[ANN] Ruby/Watchcat 1.0.0

Hello

I'm pleased to announce the release of Ruby/Watchcat 1.0.0.

Ruby/Watchcat is an extension for Ruby for the development of
watchcatd-aware applications.

Watchcatd is a watchdog-like daemon in the sense that it takes actions
in situations where a machine is under heavy load and/or unresponsive.
However, watchcatd isn't as drastic as the usual watchdog systems, which
reboot the machine.
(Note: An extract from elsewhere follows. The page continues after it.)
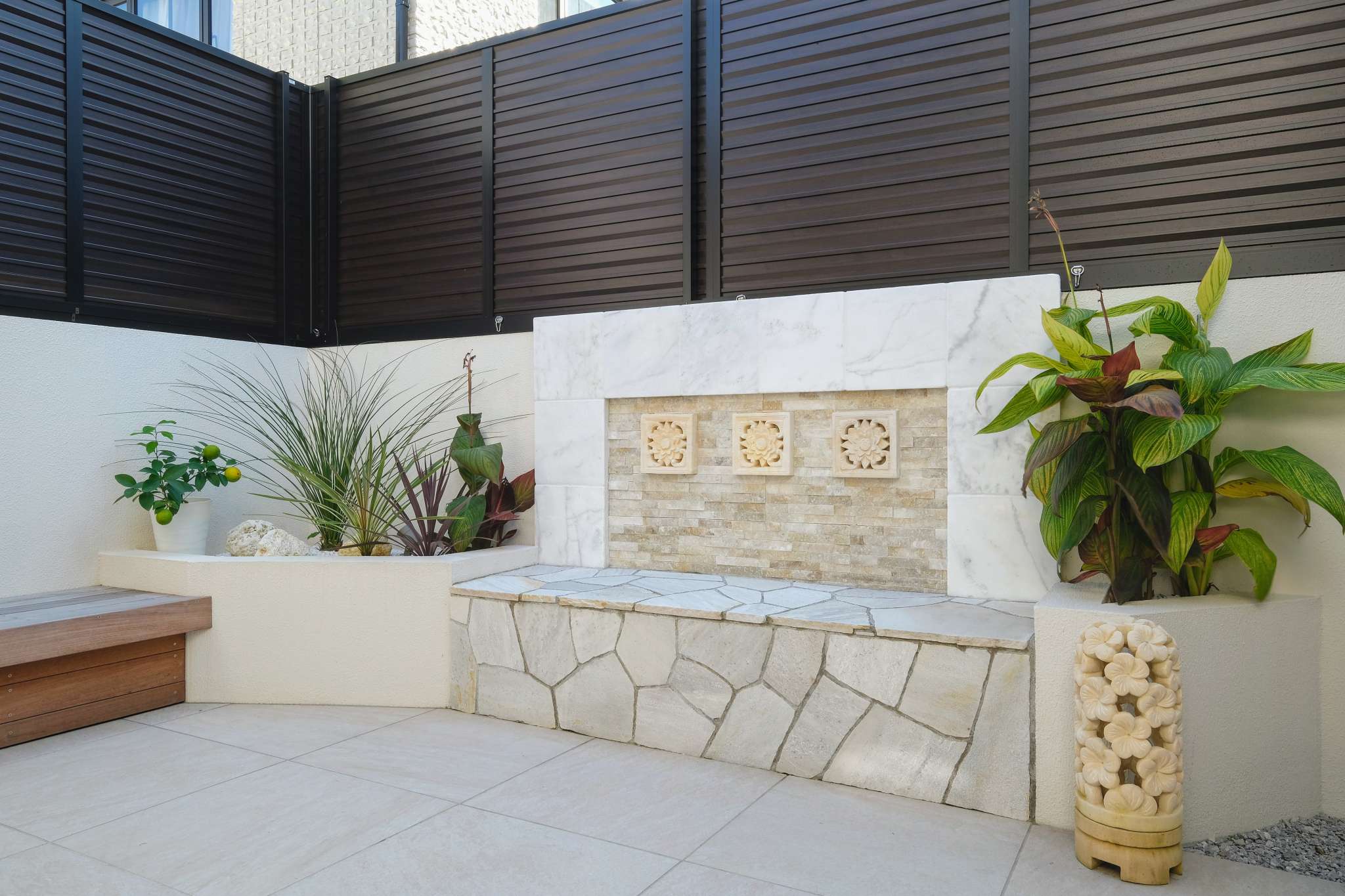 施主様が南国リゾートをイメージされていたので、それに合わせて花型のレリーフやランタン、観葉植物をご提案させてもらいました。
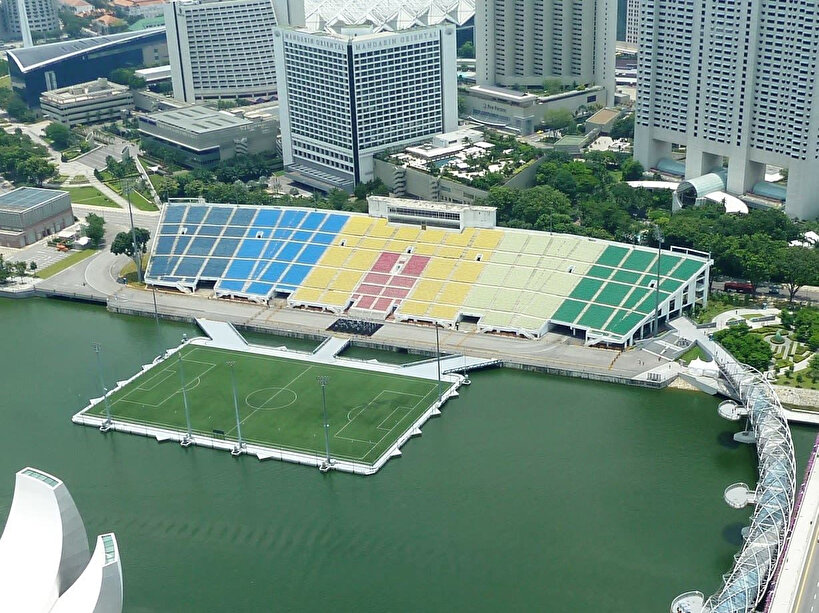 Singapur'da suyun üzerinde yüzen bir platform şeklinde yapılan Marina Bay Stadyumu, dünyanın en büyük yüzer futbol stadıdır.

Instead, all it does is sending a signal to a
registered process (which by default is SIGKILL) if the process doesn't
send it a heartbeat before a user-specified timeout.

Ruby/Watchcatd allows you to register ruby applications with watchcatd.

Examples:

  require 'watchcat'

  # Create a new cat.
  cat = Watchcat.new(:timeout => 10, :signal => 'KILL',
                     :info => 'killing from ruby!')
  loop do
    # Here you do something that could exceed the timeout
    sleep 9 + rand(3)
    cat.heartbeat # we're still alive
  end
  cat.close # clean the cat's litter box

You can also use a block, in which case the cat cleans its own litter box:

  require 'watchcat'

  Watchcat.new do |cat|
    loop do
      do_something_that_can_be_slow
      cat.heartbeat
    end
  end

For more details, please refer to the README file in the distribution and
in the project's homepage at http://oss.digirati.com.br/ruby-watchcat/.

This is my first Ruby C extension, so I would greatly appreciate comments
and suggestions :slight_smile:

Best regards,
Andre Nathan

<snip>

so, in effect, this is a Timeout::timeout based on a child process?

look handy for some of the work i'm doing now - which is a 24x7 satellite
ingest system which spawns many processes which can potentially hang...

-a

···

On Sat, 22 Apr 2006, Andre Nathan wrote:

Hello

I'm pleased to announce the release of Ruby/Watchcat 1.0.0.

--
be kind whenever possible... it is always possible.
- h.h. the 14th dali lama

Hmmm, me thinking...

Hello

I'm pleased to announce the release of Ruby/Watchcat 1.0.0.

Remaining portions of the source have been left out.